Wednesday, November 25, 2020      (today’s lectionary)
The best kind of theodicy
Through seven angels and seven plagues, God’s fury is accomplished. But in the fog and in the mist I see a plane of glass mingled with fire. Men and women are standing on that glass holding God’s harps, singing the song of Moses and the song of the Lamb.
Won’t we be standing on that glass? Join the heavenly host singing Hallelujah? How do you hold a harp while standing? What part will I sing in the choir? I’m in between tenor and baritone, I think. I hope there’s an instruction manual.
I wonder if the glass is slippery. I imagine we’ll be sliding around a little on our tears of thanksgiving and praise. Maybe our noses will be running just a bit. This is a big crowd we’re talking about. I hope there are angels walking around offering Kleenex, mopping up the floor, picking up those of us who slipped. Those angels, they love us so much.
I don’t ask myself many questions about these revelatons, just go with the flow of the story. It is good to remember that we are fearfully and wonderfully made. God is our mother and our father, and we are loved.
Great and wonderful are your works, and just and true are your ways, Lord God Almighty. You alone are holy, and your righteous acts have been revealed.
After the pilgrims and natives shared a table together in 1621, then in 1789 President Washington proclaimed Thanksgiving official in the new United States. But in the midst of Civil War President Lincoln proclaimed it again in 1863, “a national day of thanksgiving and praise to our beneficent Father who dwelleth in the Heavens.” War-weary Americans needed something to turn their hearts toward heaven.
Sing to the Lord a new song. His right hand, his holy arm has won victory. Â So now let the sea resound, and everything in it, and the world and all who live in it. Let the rivers clap their hands, and the mountains come together and sing for joy.
Seven years later President Grant proclaimed Thanksgiving yet again, and President Roosevelt settled any remaining questions in 1942. In Washington, no one could even seem to agree on Thanksgiving.
Jesus warned them. They will seize you and persecute you. It will go from bad to worse, dog-eat-dog, everyone will be at your throat because you speak my name. Some of you will be turned in by parents or relatives or friends. You’ll end up in court and be called to testify. Make up your mind right now not to worry about that. I will give you words to speak that will reduce your opponents to helpless stammering.
I am prone to self-pity and self-righteousness, and feeling sorry for myself, and all sorts of ego-driven self-made pain. Jesus agrees that there is trouble, and there will be trouble, and I’ll be in the midst of it. Pain enough for all of us. He does not apologize or pull the wool over my eyes. He also does not tolerate my self-pity or my self-righteousness. Get over it. Make up your mind right now not to worry about that, he says.

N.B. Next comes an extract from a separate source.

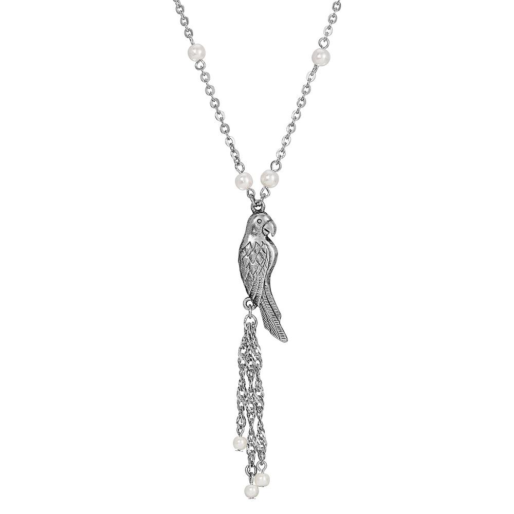 This 1928 Silver Tone Pewter Parrot Simulated Pearl Chain and Tassel Necklace adds a fabulous bird factor to your collection. This 1928 Silver Tone Pewter Parrot Simulated Pearl Chain and Tassel Necklace adds a fabulous bird factor to your collection. NECKLACE DETAILS Pendant length: 3.4 in. Chain length: 16 in. with 3 in. extender Clasp: lobster-claw Metal: alloy Plating: silver tone Finish: polished Material: acrylic Not appropriate for children 14 years old and younger. Size: One Size. Color: White. Gender: female. Age Group: adult.

You might be killed, you might be hated by all … but not a hair on your head will be destroyed. Be faithful. You won’t be sorry. You’ll be saved. (The Message, Luke 21)
Jesus reconciles being killed with being protected. That’s the best kind of theodicy. Jesus tells me that suffering is the way through suffering, that death is the way into life. He knows every hair on my head, and gives me words to say and pray when I can’t find them myself. When I can’t even find a comb.
When I fail, God does not. The truth of these words is only obvious and visceral when it’s my story in the flesh … when it’s my heart, my skin, my fear, my wordlessness that God turns into prayer.
Remain faithful unto death, and I will give you the crown of life.